PROBLEM TO WORK ON:
The lines to transcribe begin with the one containing "WOFF2 are selected." and end with the last line below; reproduce them exactly, without the pictures.
---------- DATASET CONTENT
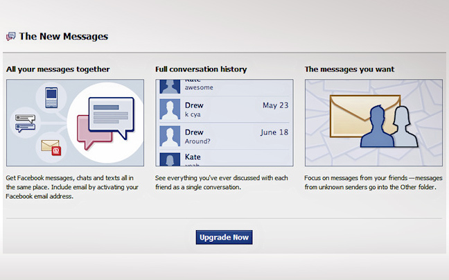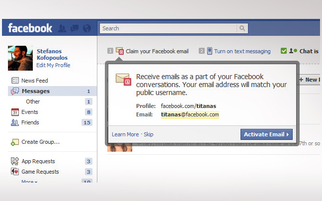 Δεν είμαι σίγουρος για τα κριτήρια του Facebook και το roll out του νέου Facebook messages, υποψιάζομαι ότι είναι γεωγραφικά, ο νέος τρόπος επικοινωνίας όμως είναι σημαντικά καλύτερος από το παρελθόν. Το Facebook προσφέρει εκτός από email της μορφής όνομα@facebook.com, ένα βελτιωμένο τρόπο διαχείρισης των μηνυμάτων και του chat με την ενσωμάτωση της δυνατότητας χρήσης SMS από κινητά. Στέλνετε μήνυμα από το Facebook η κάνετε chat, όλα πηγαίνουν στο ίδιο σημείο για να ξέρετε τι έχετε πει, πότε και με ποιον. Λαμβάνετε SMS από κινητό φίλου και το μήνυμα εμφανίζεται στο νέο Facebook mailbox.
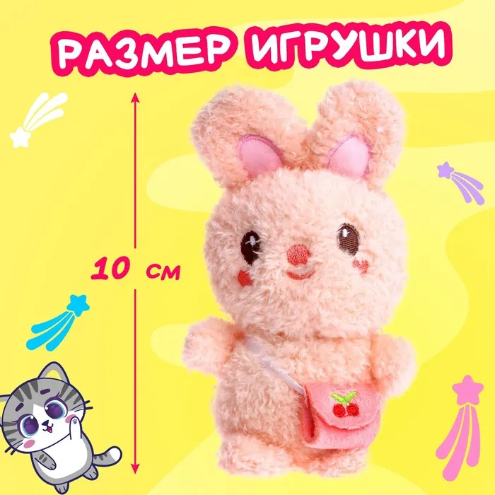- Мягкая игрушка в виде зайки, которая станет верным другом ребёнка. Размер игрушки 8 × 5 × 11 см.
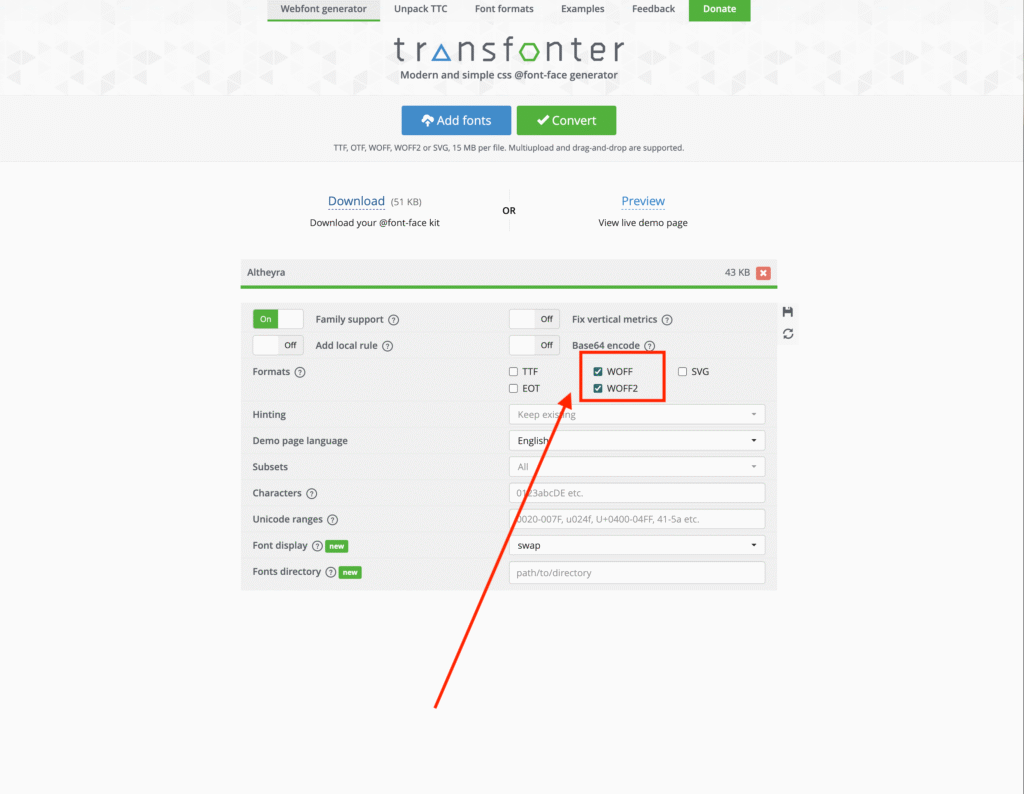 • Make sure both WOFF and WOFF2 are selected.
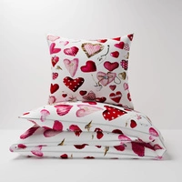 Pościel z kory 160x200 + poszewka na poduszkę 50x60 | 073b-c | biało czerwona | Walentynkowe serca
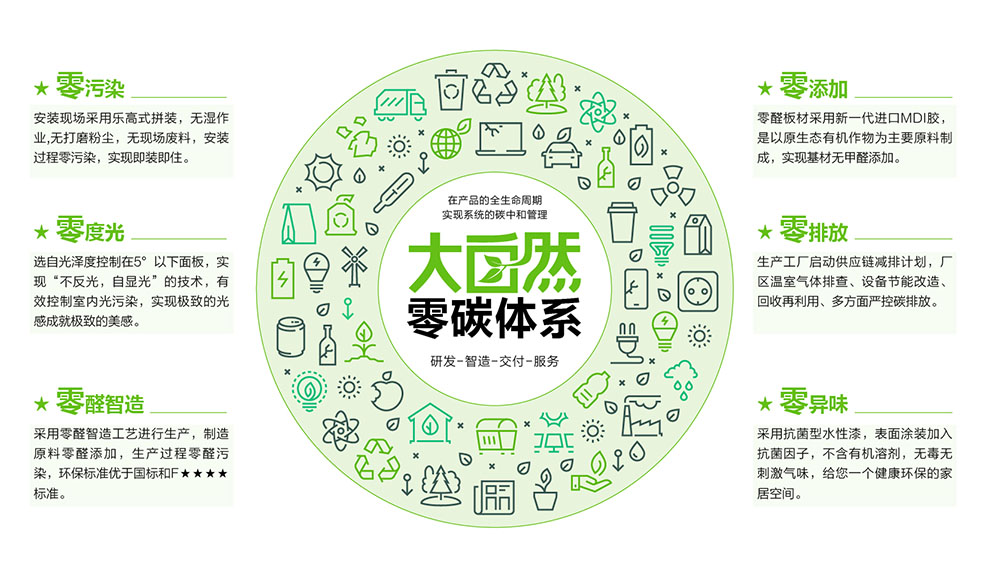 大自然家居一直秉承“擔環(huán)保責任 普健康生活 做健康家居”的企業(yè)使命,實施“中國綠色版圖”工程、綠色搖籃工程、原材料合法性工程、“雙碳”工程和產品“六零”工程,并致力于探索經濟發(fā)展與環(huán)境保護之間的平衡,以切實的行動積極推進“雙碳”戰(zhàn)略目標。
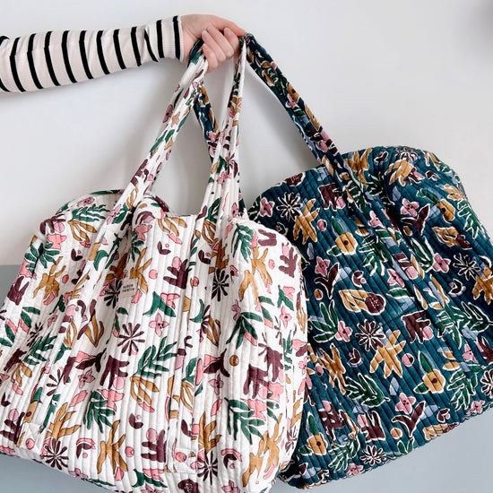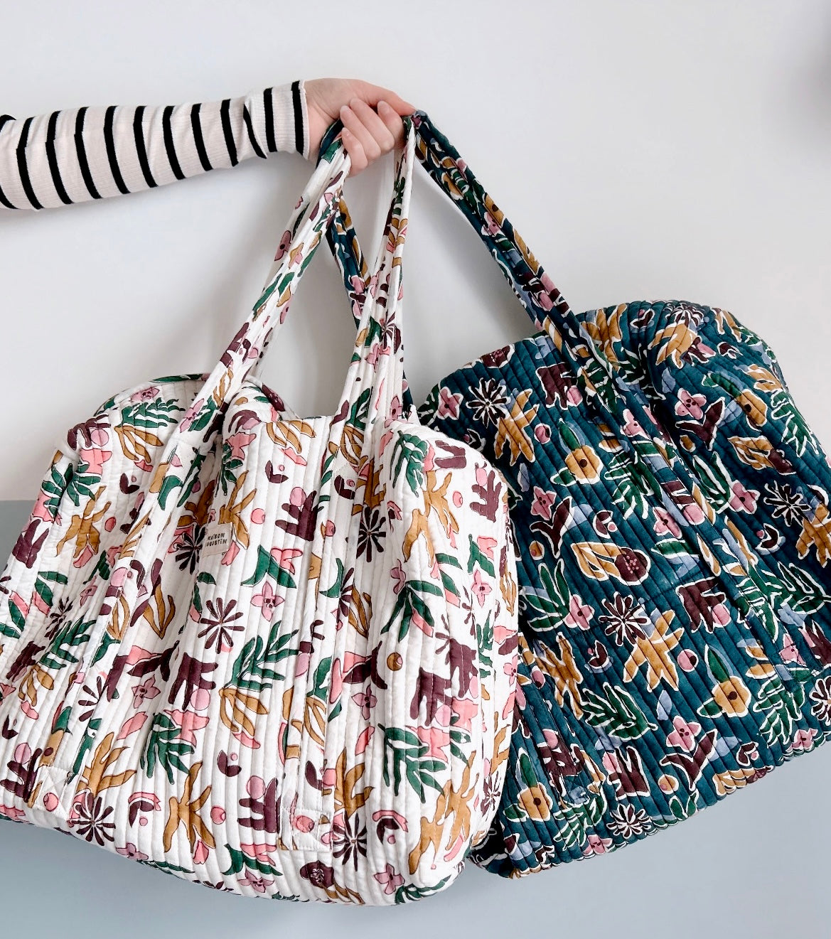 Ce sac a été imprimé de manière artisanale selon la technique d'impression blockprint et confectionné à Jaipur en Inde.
--------------------
ANSWER BELOW:
 • Make sure both WOFF and WOFF2 are selected.
 Pościel z kory 160x200 + poszewka na poduszkę 50x60 | 073b-c | biało czerwona | Walentynkowe serca
 大自然家居一直秉承“擔環(huán)保責任 普健康生活 做健康家居”的企業(yè)使命,實施“中國綠色版圖”工程、綠色搖籃工程、原材料合法性工程、“雙碳”工程和產品“六零”工程,并致力于探索經濟發(fā)展與環(huán)境保護之間的平衡,以切實的行動積極推進“雙碳”戰(zhàn)略目標。
 Ce sac a été imprimé de manière artisanale selon la technique d'impression blockprint et confectionné à Jaipur en Inde.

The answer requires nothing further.